The significant advantage of the forex market is it opens 24 hours a day, which provides a couple of trading opportunities to traders around the globe. There are four major trading sessions that exist, the first one of Asia, followed by Frankfurt, London, and New York. All of these are the significant sessions that allow investors to trade even in opening sessions or even in the middle of the night. But not all the trading sessions are equally volatile; for example, London and New York are the biggest sessions where a lot of volume traded, and on the other hand, traders believe that the Frankfurt and Asian sessions are the least traded session in the market.

So this mentality stops the traders from trading the Asian session. Another reason might be that when the Asian session opens, half of the world slept, that’s why the price action is less volatile in the market. In a less volatile market, simply it is difficult for the traders to seize the more significant gains, and even in less volatile conditions, traders hate to trade the markets, and if you are the one who is always looking to make quick bucks in the volatile conditions. In this article, we will show you the strategy we created, especially to take advantage of the Asian markets.

We believe you know that London is the most significant trading session in the market, which provides where most of the traders around the globe, bankers, and institutions trade the market. In the London market, most of the currencies show a lot of volatility, and you can trade all of it, but it is advisable to give preference to the GBP, CHF, USD, and EUROS.

Trading Strategy

First of all, we suggest you follow the link below and find out when the London session starts according to your country’s time.
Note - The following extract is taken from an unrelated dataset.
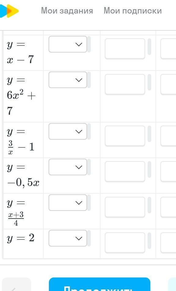 Определи является ли функция линейной. если да ,то замши коэффициенты k и b .если нет,то поставь ,,-,,

After finding out the opening time of the London session according to your local time, the next step is to sit on your desk one hour prior to the London opening and find out which of the currencies performed better in the Asian session and mark the Asian session High and Low. The next step is to wait for the London opening and in London session when the price action breaks the Asian session high or low take trade in that direction. As you know, London is the biggest session, so always expect longer moves.  This strategy is specially created for intraday traders, so always trade the Asian high and lows on lower timeframes, such as 5, 15, or 30 minutes.

According to the GMT, the Asian session opens at Midnight and closes at Morning 08:00, and the London session also opened the morning at 8:00 AM, so before the London, opening finds out the Asian high low to take the trade. The image represents the opening, high, and close of the Asian session, the below image clearly represents that the GBPAUD forex pair, didn’t move much in the Asian session and even it turned into a range to give us trades in the London Session.

The major mistake most of the breakout traders made is they don’t wait to confirm the breakout, and sometimes price action came back into the range, and they end up losing side. So it is advisable to confirm the breakout first then only activate your trade. As you can see in the below image, when price action breakout the Asian high and low in the London session, it started holding below the breakout line, which confirms that the breakout is real.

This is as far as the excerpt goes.